Commenting on the Utility of AGE-Breakers
Advanced glycation endproducts (AGEs) are a class of undesirable metabolic byproduct. The level of AGEs in the body rises with age and causes harm through a variety of mechanisms, such as by excessively triggering certain cellular receptors or gluing together pieces of protein machinery by forming crosslinks, thus preventing them from carrying out their proper function.
In past years a number of efforts were undertaken to develop drugs that can safely break down at least some forms of AGE. Early promising candidates in laboratory animals failed in humans because the most harmful forms of AGE are different for short-lived versus long-lived mammals - so what benefits a rat isn't of much utility for we humans. So far little progress has been made towards a therapy for the dominant type of AGE in humans, glucosepane, sad to say, as there is comparatively little interest in this field of research.
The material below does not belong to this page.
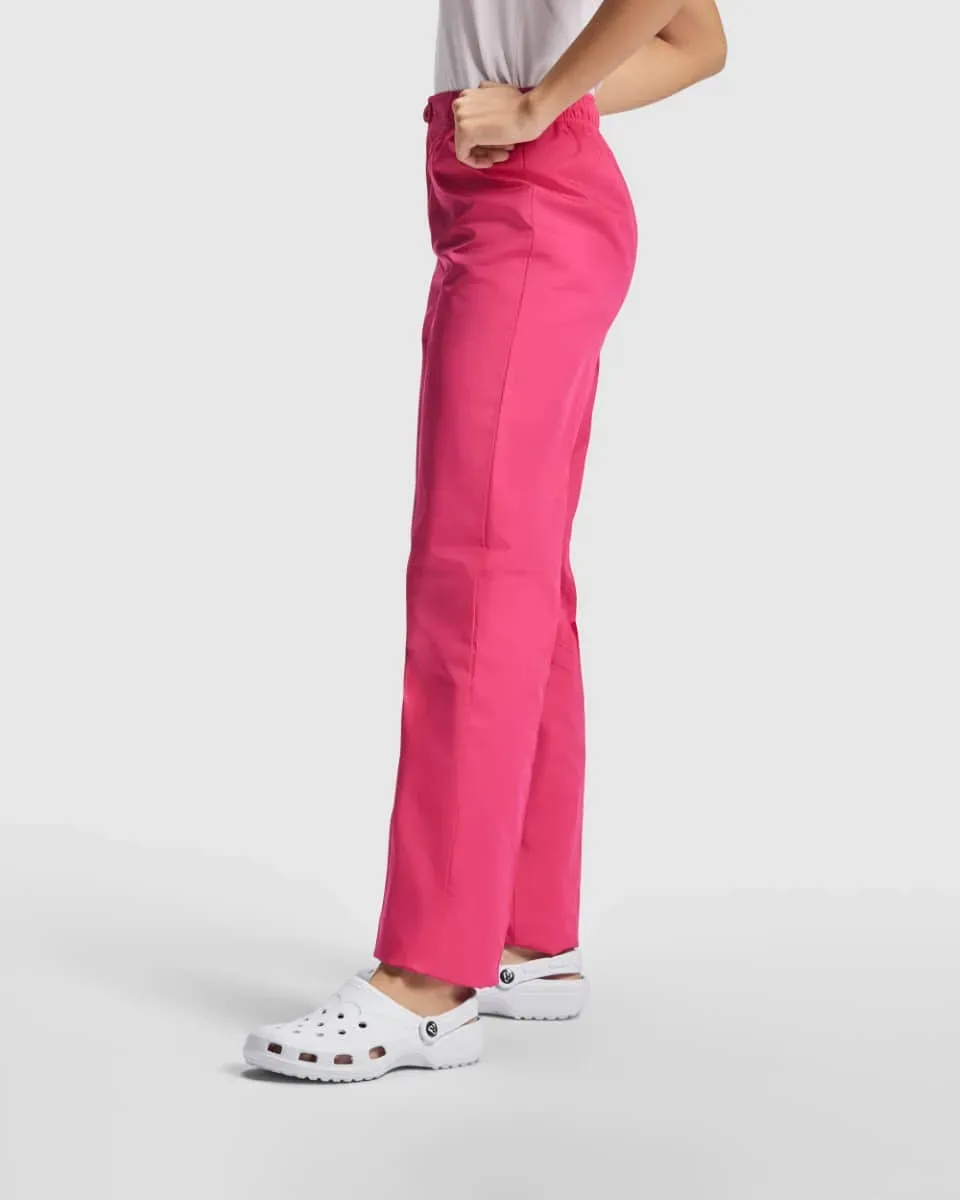 Se trata de un pantalón de colores vibrantes de servicios unisex, de corte recto con cinturilla elástica, cierre de cremallera y botón y bolsillo trasero.

Here is a recent paper commenting on the potential utility of AGE-beaker drugs:
Reducing sugars can react nonenzymatically with the amino groups of proteins to form Amadori products. These early glycation products undergo further complex reactions, such as rearrangement, dehydration, and condensation, to become irreversibly cross-linked, heterogeneous fluorescent derivatives, termed advanced glycation end products (AGEs).The formation and accumulation of AGEs have been known to progress in a normal aging process and at an accelerated rate under diabetes. Nonenzymatic glycation and cross-linking of proteins not only leads to an increase in vascular and myocardial stiffness, but also deteriorates structural integrity and physiological function of multiple organ systems.
Furthermore, there is accumulating evidence that interaction of AGEs with a cell-surface receptor, receptor for AGEs (RAGE), elicits oxidative stress generation and subsequently evokes inflammatory, thrombogenic, and fibrotic reactions, thereby being involved in atherosclerosis, diabetic microvascular complications, erectile dysfunction, and pancreatic β-cell apoptosis.
Recently, AGE cross-link breakers have been discovered. Therefore, removal of the preexisting AGEs by the breakers has emerged as a novel therapeutic approach to various types of diseases that develop with aging. This article summarizes the potential clinical utility of AGE cross-link breakers in the prevention and management of age- and diabetes-associated disorders.